Assigned task:
When you reach the line containing "Downlight LED superficie", begin reproducing the material exactly, stop after the line containing "Aerial photo taken", and leave out any pictures along the way.

Dataset records:

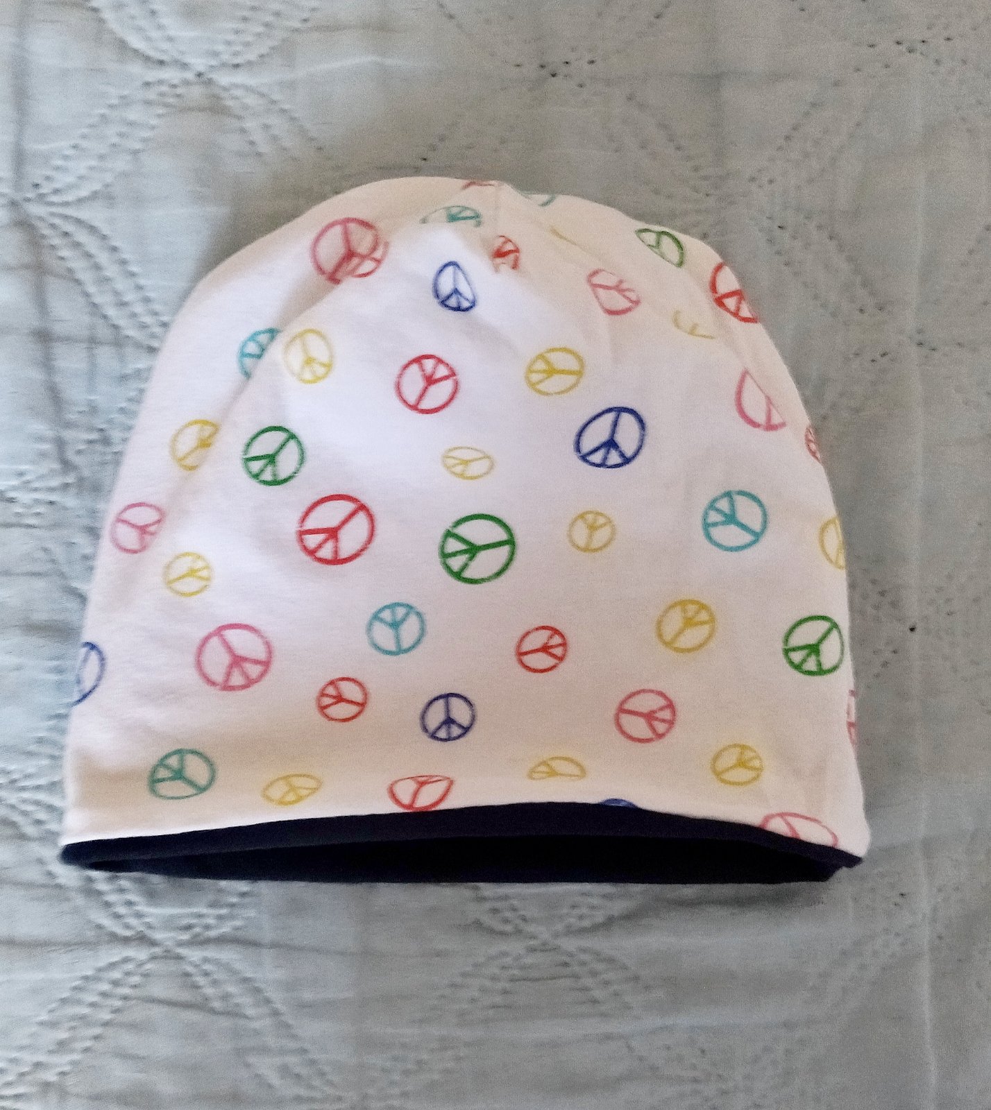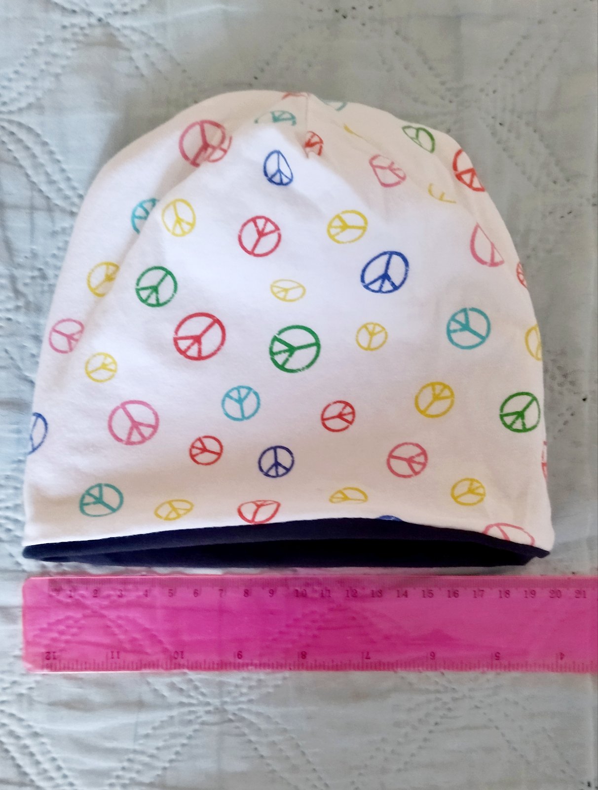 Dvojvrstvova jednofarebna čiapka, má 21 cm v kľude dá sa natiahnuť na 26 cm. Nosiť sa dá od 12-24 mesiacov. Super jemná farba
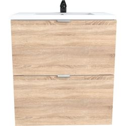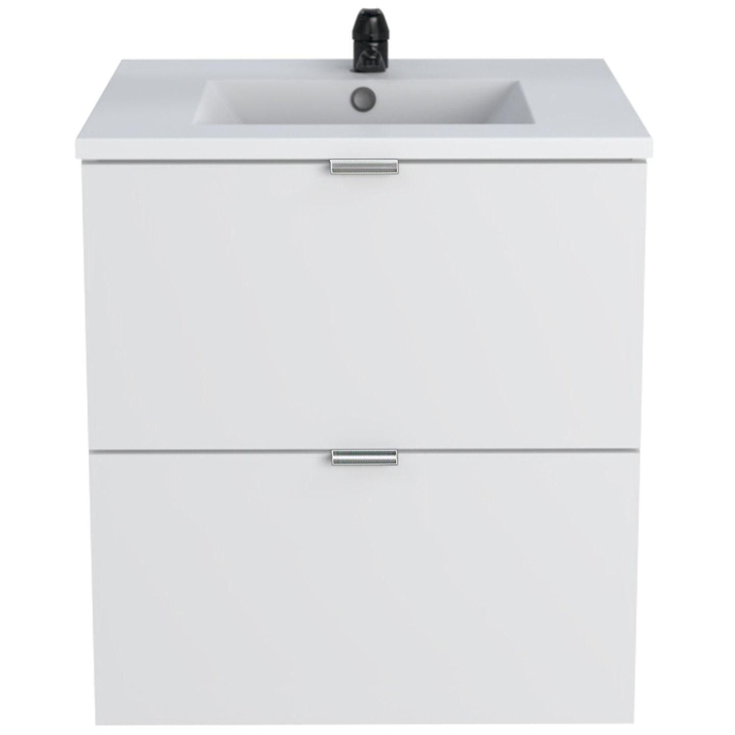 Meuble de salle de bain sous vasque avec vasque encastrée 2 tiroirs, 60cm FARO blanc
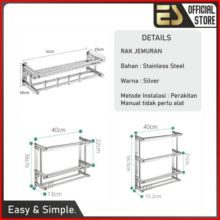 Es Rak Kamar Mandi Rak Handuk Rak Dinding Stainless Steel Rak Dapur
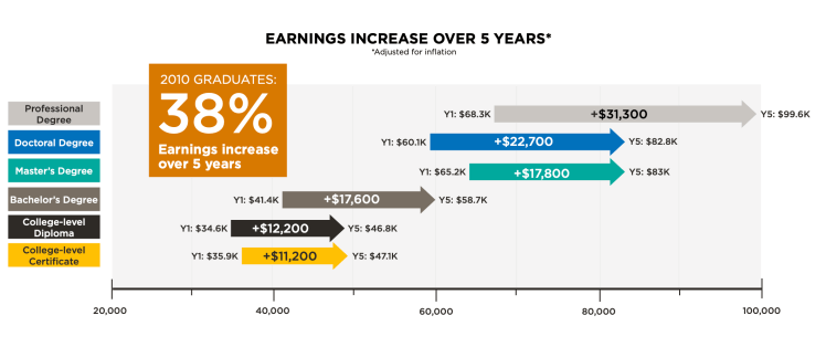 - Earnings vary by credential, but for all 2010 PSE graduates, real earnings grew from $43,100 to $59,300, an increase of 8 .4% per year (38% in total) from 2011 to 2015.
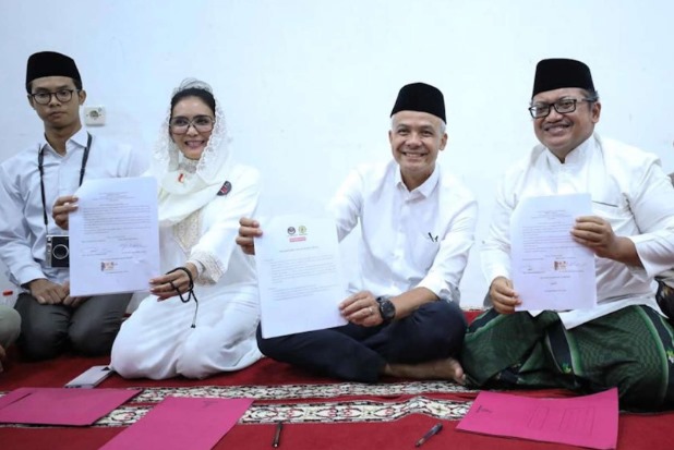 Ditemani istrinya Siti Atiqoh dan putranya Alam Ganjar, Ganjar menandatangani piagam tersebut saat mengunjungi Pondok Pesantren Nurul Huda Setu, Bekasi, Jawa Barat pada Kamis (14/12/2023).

---

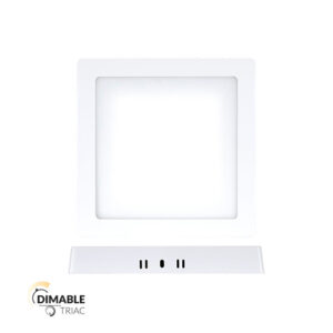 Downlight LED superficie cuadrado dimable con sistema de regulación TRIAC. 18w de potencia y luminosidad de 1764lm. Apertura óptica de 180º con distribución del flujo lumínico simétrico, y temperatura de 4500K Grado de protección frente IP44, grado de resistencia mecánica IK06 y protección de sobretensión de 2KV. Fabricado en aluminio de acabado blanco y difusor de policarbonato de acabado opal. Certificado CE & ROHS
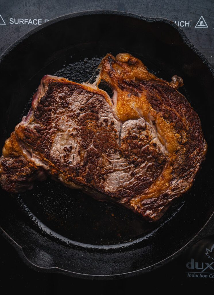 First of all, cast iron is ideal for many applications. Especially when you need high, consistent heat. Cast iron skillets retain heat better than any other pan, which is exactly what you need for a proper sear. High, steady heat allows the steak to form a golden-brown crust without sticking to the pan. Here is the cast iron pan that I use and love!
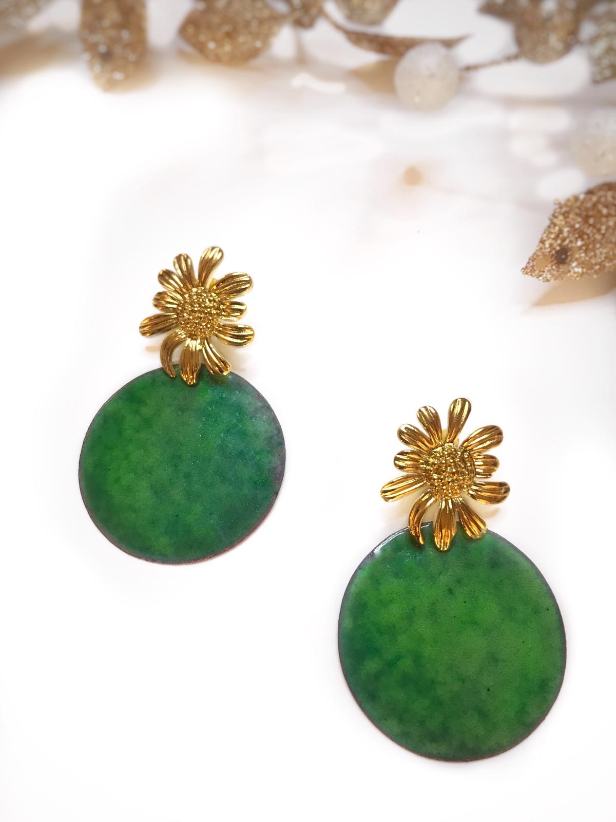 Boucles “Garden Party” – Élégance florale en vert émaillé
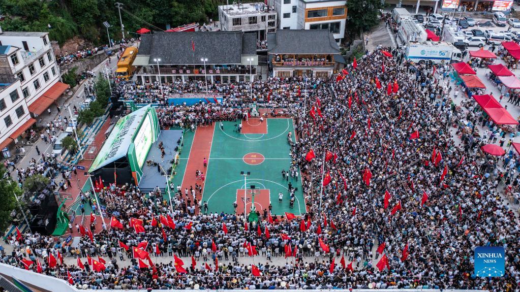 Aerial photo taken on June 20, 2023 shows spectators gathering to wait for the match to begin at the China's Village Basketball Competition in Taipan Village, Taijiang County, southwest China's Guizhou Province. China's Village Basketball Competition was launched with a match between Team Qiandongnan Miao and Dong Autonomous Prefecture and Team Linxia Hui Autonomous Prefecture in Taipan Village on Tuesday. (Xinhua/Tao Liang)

Answer section:
 Downlight LED superficie cuadrado dimable con sistema de regulación TRIAC. 18w de potencia y luminosidad de 1764lm. Apertura óptica de 180º con distribución del flujo lumínico simétrico, y temperatura de 4500K Grado de protección frente IP44, grado de resistencia mecánica IK06 y protección de sobretensión de 2KV. Fabricado en aluminio de acabado blanco y difusor de policarbonato de acabado opal. Certificado CE & ROHS
 First of all, cast iron is ideal for many applications. Especially when you need high, consistent heat. Cast iron skillets retain heat better than any other pan, which is exactly what you need for a proper sear. High, steady heat allows the steak to form a golden-brown crust without sticking to the pan. Here is the cast iron pan that I use and love!
 Boucles “Garden Party” – Élégance florale en vert émaillé
 Aerial photo taken on June 20, 2023 shows spectators gathering to wait for the match to begin at the China's Village Basketball Competition in Taipan Village, Taijiang County, southwest China's Guizhou Province. China's Village Basketball Competition was launched with a match between Team Qiandongnan Miao and Dong Autonomous Prefecture and Team Linxia Hui Autonomous Prefecture in Taipan Village on Tuesday. (Xinhua/Tao Liang)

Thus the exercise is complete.